Available data
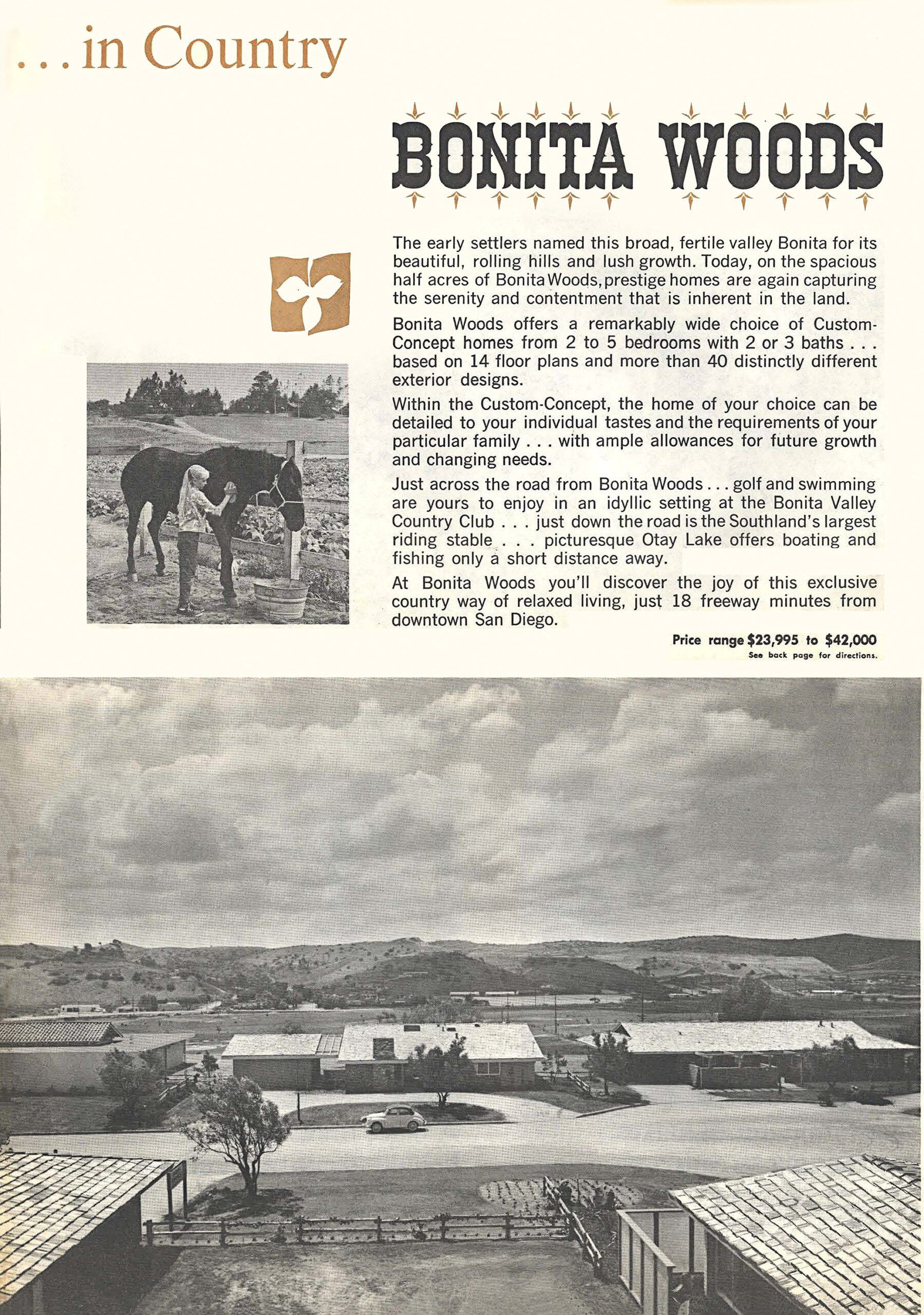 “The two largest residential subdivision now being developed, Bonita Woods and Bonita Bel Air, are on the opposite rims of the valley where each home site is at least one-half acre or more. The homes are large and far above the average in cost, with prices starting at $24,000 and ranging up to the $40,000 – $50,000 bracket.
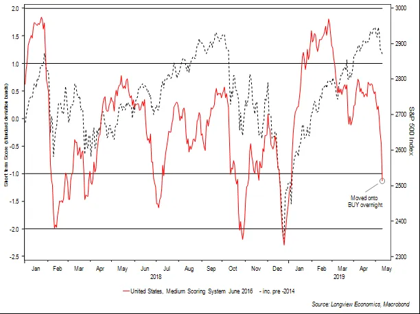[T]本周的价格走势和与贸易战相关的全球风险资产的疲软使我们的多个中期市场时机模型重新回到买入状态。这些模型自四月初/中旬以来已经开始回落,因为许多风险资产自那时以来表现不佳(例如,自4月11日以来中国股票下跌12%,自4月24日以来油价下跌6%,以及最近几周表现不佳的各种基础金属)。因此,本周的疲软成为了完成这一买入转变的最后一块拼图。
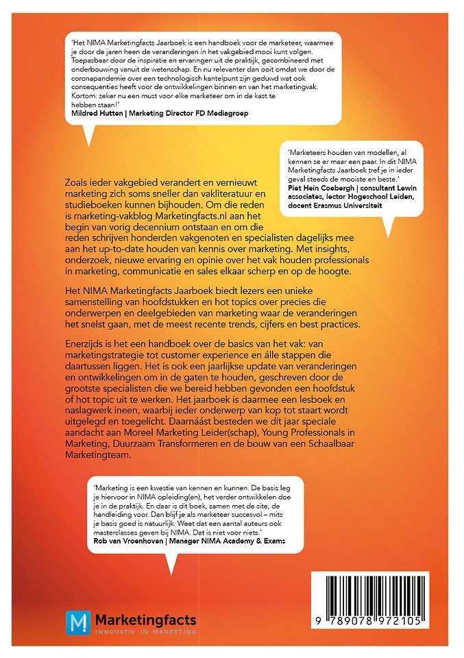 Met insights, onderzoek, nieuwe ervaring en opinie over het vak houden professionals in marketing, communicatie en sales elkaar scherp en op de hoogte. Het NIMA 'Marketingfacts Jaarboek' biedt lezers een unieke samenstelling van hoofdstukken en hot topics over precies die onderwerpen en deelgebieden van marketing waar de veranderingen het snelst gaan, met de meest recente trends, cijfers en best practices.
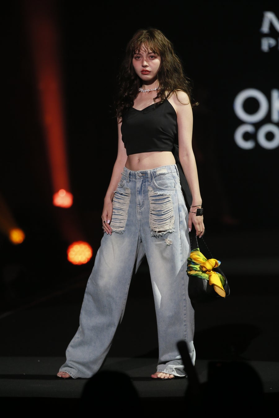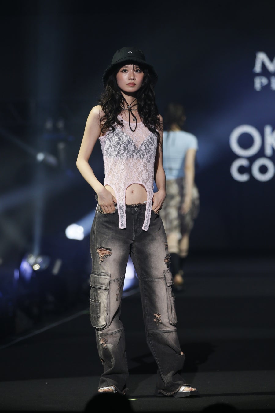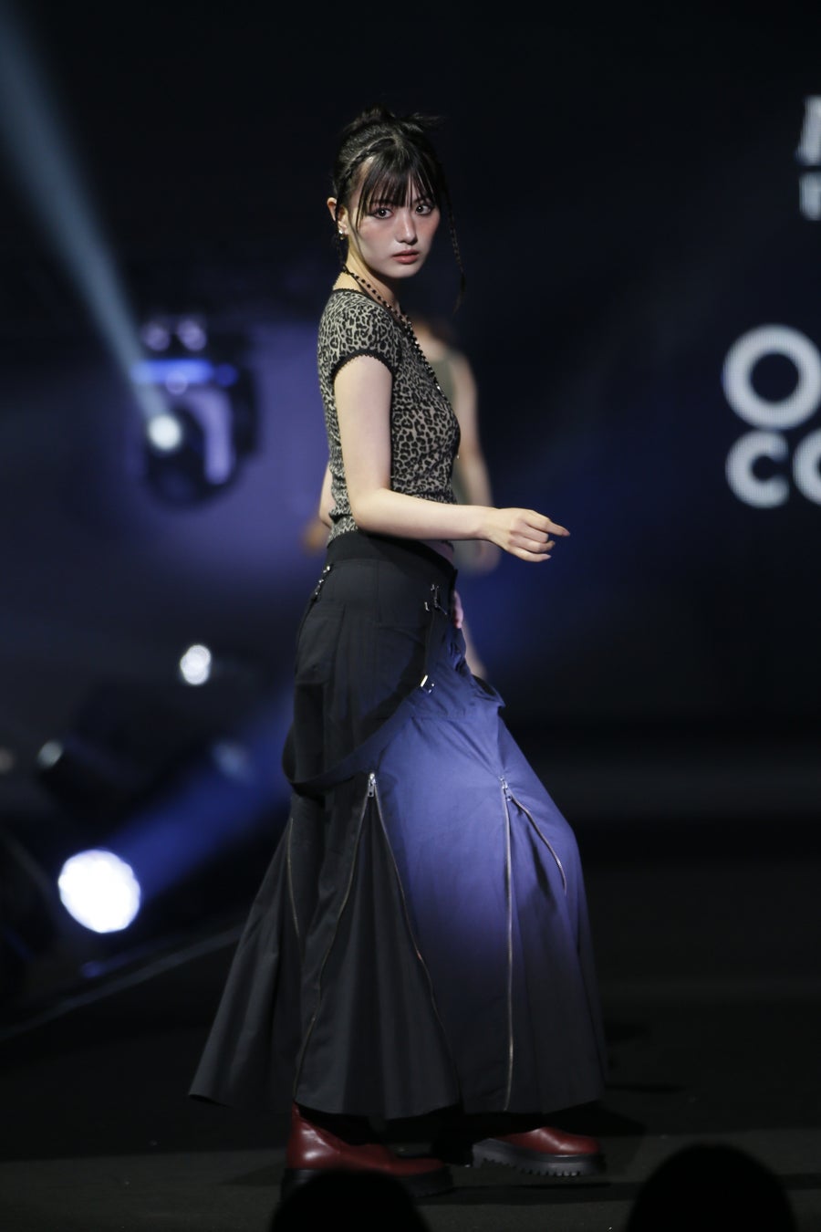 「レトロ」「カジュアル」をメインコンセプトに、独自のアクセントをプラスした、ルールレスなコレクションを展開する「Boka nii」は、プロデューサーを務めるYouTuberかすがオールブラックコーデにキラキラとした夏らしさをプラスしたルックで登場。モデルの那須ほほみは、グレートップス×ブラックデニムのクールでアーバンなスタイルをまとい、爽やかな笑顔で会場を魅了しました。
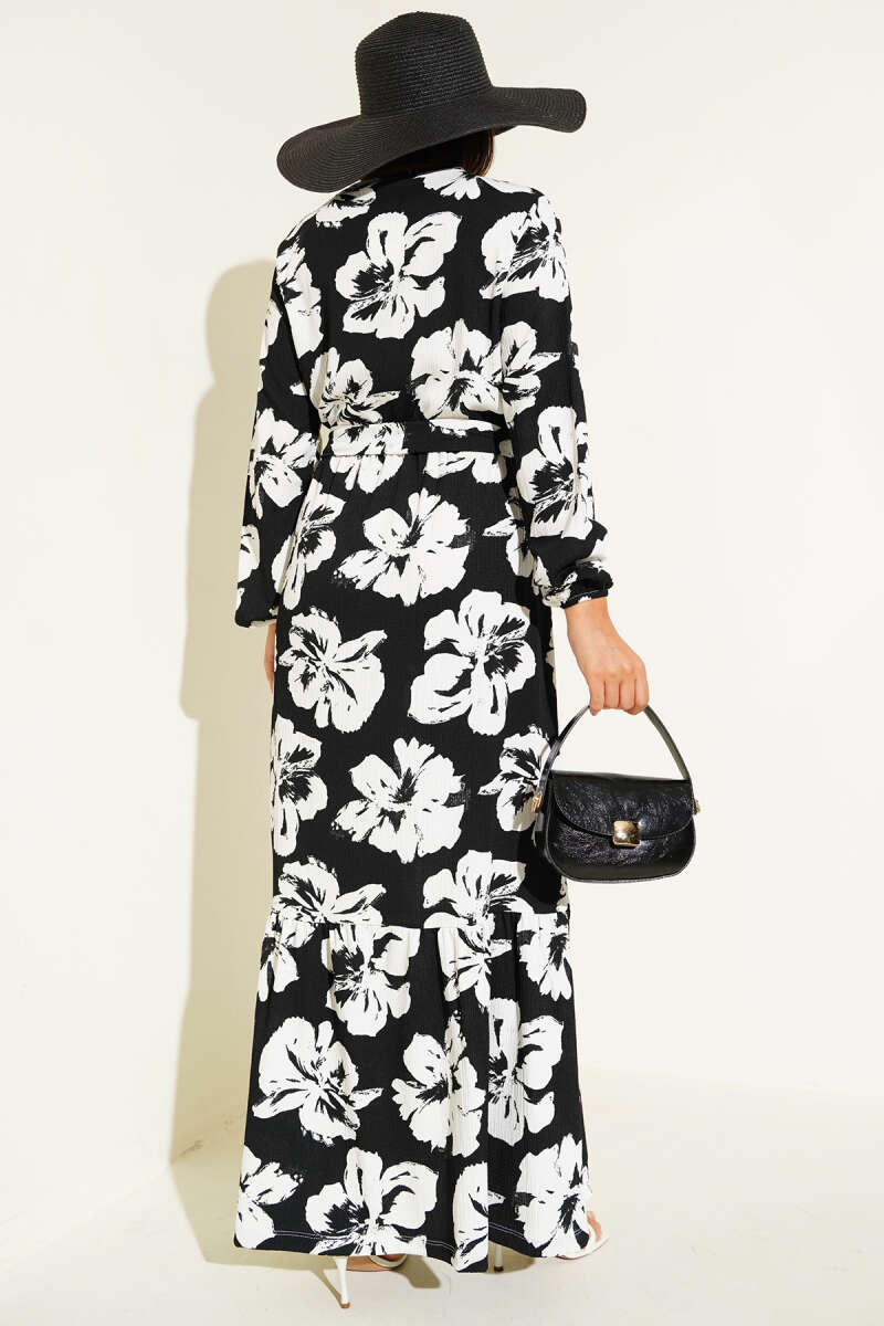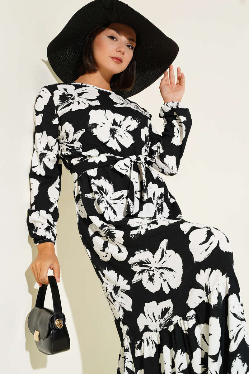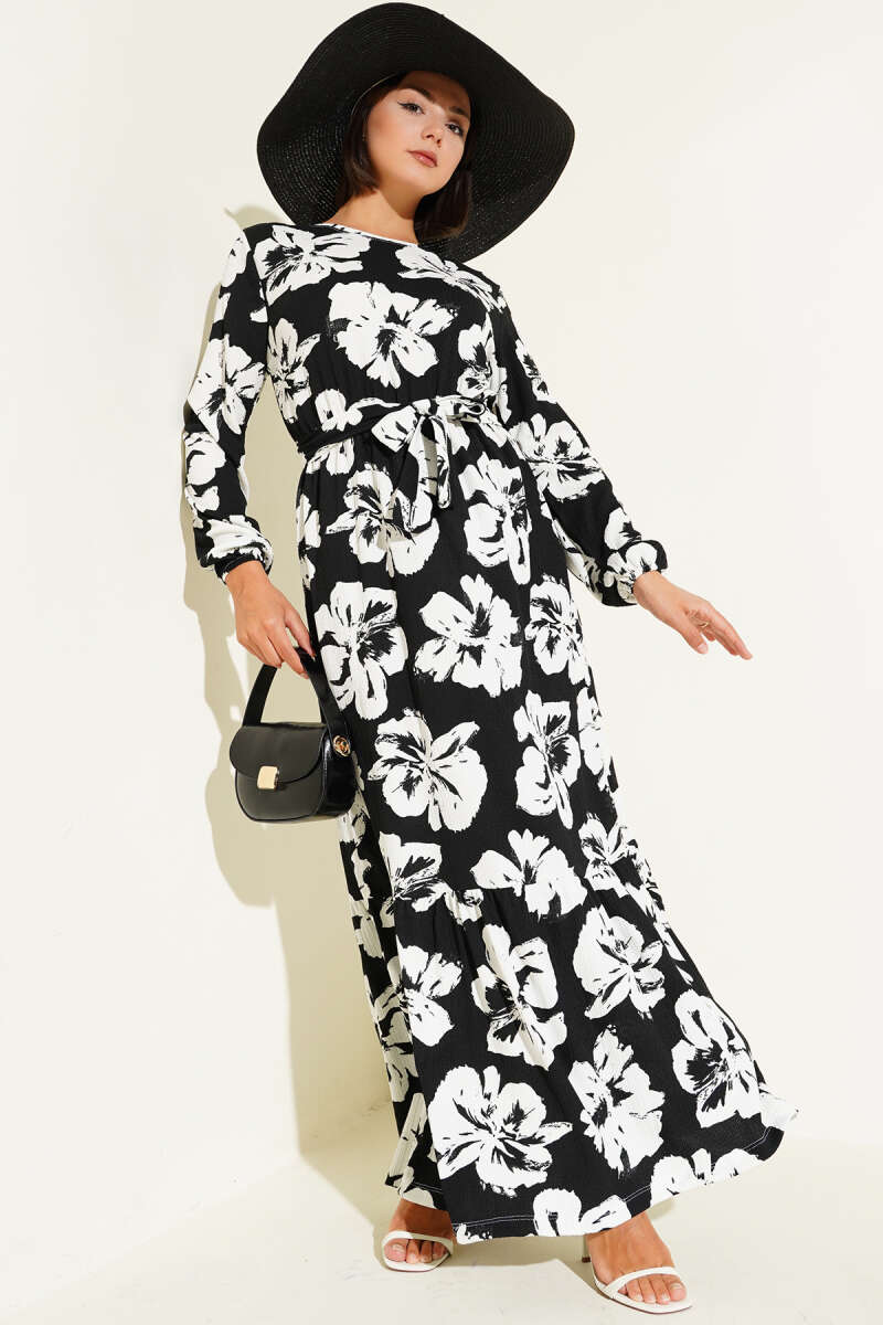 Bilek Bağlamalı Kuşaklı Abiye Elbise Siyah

Task instructions
When you copy the entries, keep every word exactly as it stands and drop any pictures.

Task solution
 “The two largest residential subdivision now being developed, Bonita Woods and Bonita Bel Air, are on the opposite rims of the valley where each home site is at least one-half acre or more. The homes are large and far above the average in cost, with prices starting at $24,000 and ranging up to the $40,000 – $50,000 bracket.
[T]本周的价格走势和与贸易战相关的全球风险资产的疲软使我们的多个中期市场时机模型重新回到买入状态。这些模型自四月初/中旬以来已经开始回落,因为许多风险资产自那时以来表现不佳(例如,自4月11日以来中国股票下跌12%,自4月24日以来油价下跌6%,以及最近几周表现不佳的各种基础金属)。因此,本周的疲软成为了完成这一买入转变的最后一块拼图。
 Met insights, onderzoek, nieuwe ervaring en opinie over het vak houden professionals in marketing, communicatie en sales elkaar scherp en op de hoogte. Het NIMA 'Marketingfacts Jaarboek' biedt lezers een unieke samenstelling van hoofdstukken en hot topics over precies die onderwerpen en deelgebieden van marketing waar de veranderingen het snelst gaan, met de meest recente trends, cijfers en best practices.
 「レトロ」「カジュアル」をメインコンセプトに、独自のアクセントをプラスした、ルールレスなコレクションを展開する「Boka nii」は、プロデューサーを務めるYouTuberかすがオールブラックコーデにキラキラとした夏らしさをプラスしたルックで登場。モデルの那須ほほみは、グレートップス×ブラックデニムのクールでアーバンなスタイルをまとい、爽やかな笑顔で会場を魅了しました。
 Bilek Bağlamalı Kuşaklı Abiye Elbise Siyah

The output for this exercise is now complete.